Abstract

Castleman disease (CD) also called as angiofollicular hyperplasia or giant lymph node hyperplasia of unknown cause is a benign lymphoproliferative disorder. It is a localised (unicentric) or disseminated (multicentric) disease. This disease is uncommon with an incidence of 25 cases per million person per year. Castleman disease is a heterogeneous group of disorders with four characteristic histological variants.

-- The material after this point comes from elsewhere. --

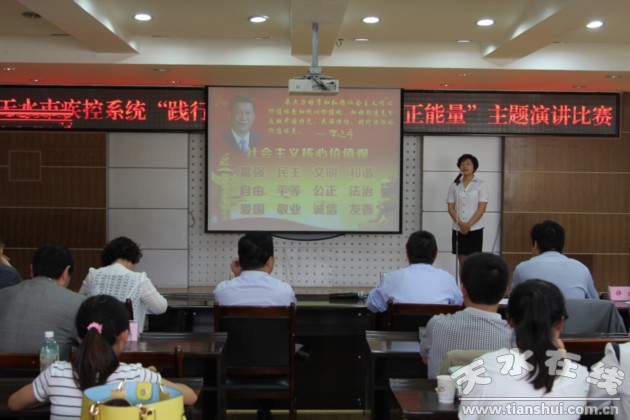 為深入貫徹落實(shí)黨的十八大和十八屆四中全會精神,積極培育和踐行社會主義核心價(jià)值觀,深入學(xué)習(xí)、廣泛宣傳疾控系統(tǒng)典型人物的先進(jìn)事跡,彰顯疾控精神,凝聚疾控正能量, 5月26日,天水市疾控系統(tǒng)在中心六樓會議室開展了以“踐行核心價(jià)值觀·傳遞疾控正能量”為主題的演講比賽。市疾控中心領(lǐng)導(dǎo)班子及部分職工和來自全市7個(gè)縣區(qū)疾控中心負(fù)責(zé)人到場助威。來自全市7個(gè)縣(區(qū))疾控機(jī)構(gòu)和市本級疾控中心的17位選手登臺競技。比賽為了體現(xiàn)公平公正,特地邀請了市文工團(tuán)、天水師院的專家擔(dān)任演講比賽的評委。

The etiology of this disease is poorly understood. We report two cases of CD, one presenting with a neck mass and the other presenting with para-aortic and mesenteric lymphadenopathy which were classified as hyaline vascular type and mixed type of CD respectively. DOI: 10.21276/APALM.1559

Highlights

  • Castleman disease (CD), called as angiofollicular hyperplasia or benign giant lymph node hyperplasia, is of unknown cause and is a rare, benign lymphoproliferative disorder.[1,2,3,4,5,6,7,8,9,10]. It was first reported as a localized mediastinal lymph node hyperplasia by Castleman and Towne in 1954. [2,3] Castleman disease commonly involves lymphoid tissues in the thorax (70%), abdomen and pelvis (15%), and the neck (15%).[4]

  • The multicentric form characterized by involvement of multiple lymph nodes and multiple organs was first described by Gaba et al in 1972.[10,11] Histologically, CD is classified into four variants, hyaline vascular, plasma cell, mixed type and plasmablastic variant.[6]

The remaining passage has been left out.